OPINION: Women Deserve Better Than Liberal Label
“Independent. Active. Adventurous.”
Those are three terms the Denver-based magazine 5280 reported in its December article titled Colorado Women as “quintessential” ways to describe the fairer sex who call this beautiful state home.
As a woman born and raised in Colorado, I agree. They describe Colorado women not only accurately, but intimately.
Colorado and Western women are no pleasant Southern belles, nor do we relate to the provincialism of our Northeastern female counterparts. We’re just made of that Rocky Mountain rugged charm, where ChapStick counts as lipstick. And we make it look good, too.

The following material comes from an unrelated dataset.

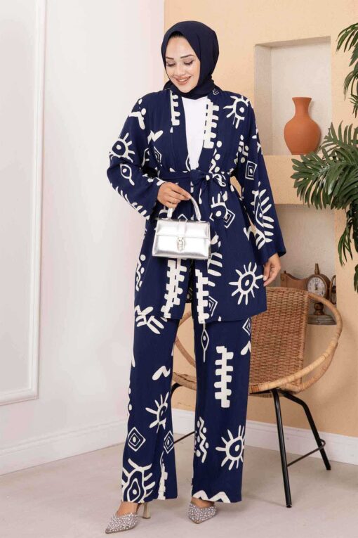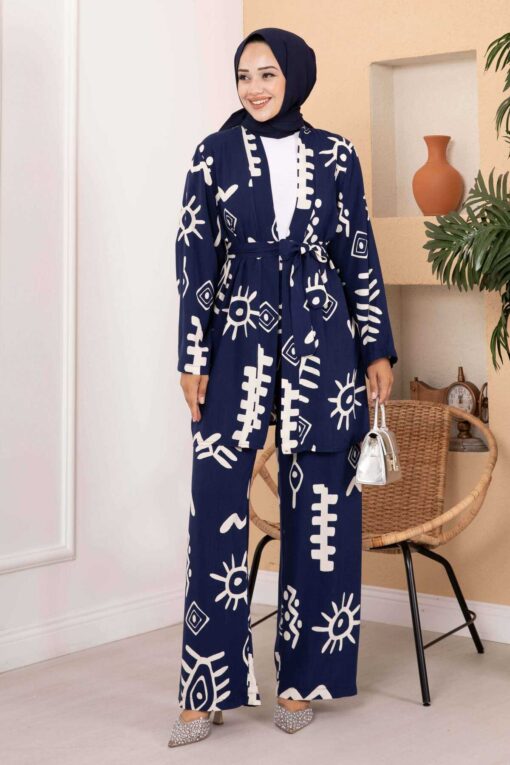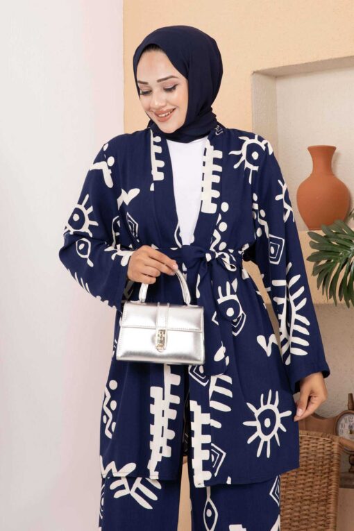 المنتج موسمي. يتكون المنتج من قطعتين: الكيمونو والبنطلون. يحتوي خصر الكيمونو على حزام متحرك. يتميز البنطلون بخصر مطاطي وهو بدلة مريحة للغاية الطول: كيمونو 85 سم البنطلون: 105 سم مميزات القماش: مصنوع من قماش الفسكوز نظرًا لأن المنتج مناسب تمامًا، فمن المستحسن طلب المقاس الذي تستخدمه عادةً 38 / الارتفاع 1.68 سم / الأرداف 90 سم / الخصر 77 سم / الصدر 90 سم تعليمات الغسيل: يجب أن يتم الغسيل من الداخل إلى الخارج عند درجة حرارة 30 درجة (أدنى درجة). قد يكون هناك اختلاف في لون المنتج بسبب استخدام الشال في هذا المنتج

We wear flat boots and look just as sexy as in any pair of high heels. We can survive blistering cold winters and wilderness. Some may wonder whether we have chill in our veins. We keep ‘em wondering.
We pride ourselves on ingenuity and state with certainty Colorado has led the way the way for women.
The article mentions Eliza Routt, who in 1893 as the wife of the first governor of Colorado – a Republican – was the first woman to register to vote, among a long list of noteworthy philanthropic accomplishments. She also founded an orphanage and helped build a women’s home.
But there was a troubling trend among the more modern females featured in Colorado Women, which included nods to: Congresswoman Diana DeGette; former Congresswoman Patricia Schroeder; Roxane White (chief of staff to Gov. Hickenlooper); former Secretary of State Madeline Albright (who spent her teen years in Denver); Katherine Archuleta (the first Latina to lead President Obama’s campaign as a national political director); state Rep. Rhonda Fields; former state Sen. Evie Hudak; and state Sen. Morgan Carroll, president of the Colorado Senate – just to name a few.
What do these women have in common? They’re ALL liberal Democrats.
There wasn’t one explicit Republican woman mentioned save former Secretary of State Condoleeza Rice, who received her bachelor’s and PhD from the University of Denver.
In presenting the history and the women in the article, one label that the magazine implied is that Colorado women, in addition to being “independent, active and adventurous” are also all “liberal.”
That’s where I draw the line.
5280 (a nod to Denver’s elevation of 5,280 feet) in its list of accomplishments among Colorado women praised the anti-gun legislation pushed by Democrat representatives in the state.
However, when did infringing on a woman’s right to self defense become something worth praising?
What’s more, our strong Colorado Republican women weren’t even mentioned for their efforts in bringing up this point. As Western Regional Vice Chair for the College Republican National Committee (CRNC) and Chairwoman of the Colorado Federation of College Republicans, I had a front row seat to see many women leaders in this state fight for their Second Amendment rights this year.
I work with young Colorado women all the time who are conservative, libertarian, Republican – and just plain tired of being pigeonholed, in Colorado or across the nation. But that gets ignored, swept under the rug. Women aren’t supposed to be conservative, you see. And those who are get mocked, a la Sarah Palin. (So much for women treated equally.)
The article mentioned that the main two female representatives who pushed the anti-gun legislation received death and rape threats, demonstrating the difficulty women have serving in public office. I am completely appalled and condemn those who sent such threats to Rep. Rhonda Fields and Sen. Evie Hudak.
Yet, it’s wrong for the magazine to praise these women without telling the whole story, such as when state Sen. Hudak deprecated rape victims who testified against these bills last session.
Hudak was the one who infamously told a rape victim she didn’t need a gun to prevent rape.
Amanda Collins, a Nevada woman who was raped while walking to her car at the University of Nevada-Reno, had testified against the concealed carry ban on Colorado campuses, claiming she could have protected herself against her assailant if she had been carrying. But because of the university’s no weapons policy, Collins was not in possession of her firearm, although she did have a concealed carry permit.
Sen. Hudak’s reply was unbelievable: “I just want to say that actually, statistics are not on your side even if you had had a gun.” Hudak went on to say that according to the Colorado Coalition Against Gun Violence, “for every one woman who used a handgun to kill someone in self-defense, 83 women were murdered by them.”
Actually, the statistic Hudak presented was falsely quoted.
According to the Violence Policy Center study, which analyzed the 1998 FBI statistics, “for every time a woman used a handgun to kill an intimate acquaintance in self-defense, 83 women were murdered by an intimate acquaintance with a gun.”
What type of woman does this? Simple, one politician, and others of similar ideology, who have an interest in regulating women’s lives and defense choices rather than empowering them.
As a Western woman, and a native Colorado woman, I pride myself on being independent, active, adventurous, and a feminist on the Right.
I may be in a man’s world, but I certainly don’t have to accept that narrative. It’s time that women stood up and demand to lift the liberal brand off by the media rather than continue to be subjected to it. 5280 did a disservice to all of its readers, not the least of which its female ones.
We deserve more than a liberal label.
Fix contributor Aslinn Scott is a student at CU Boulder.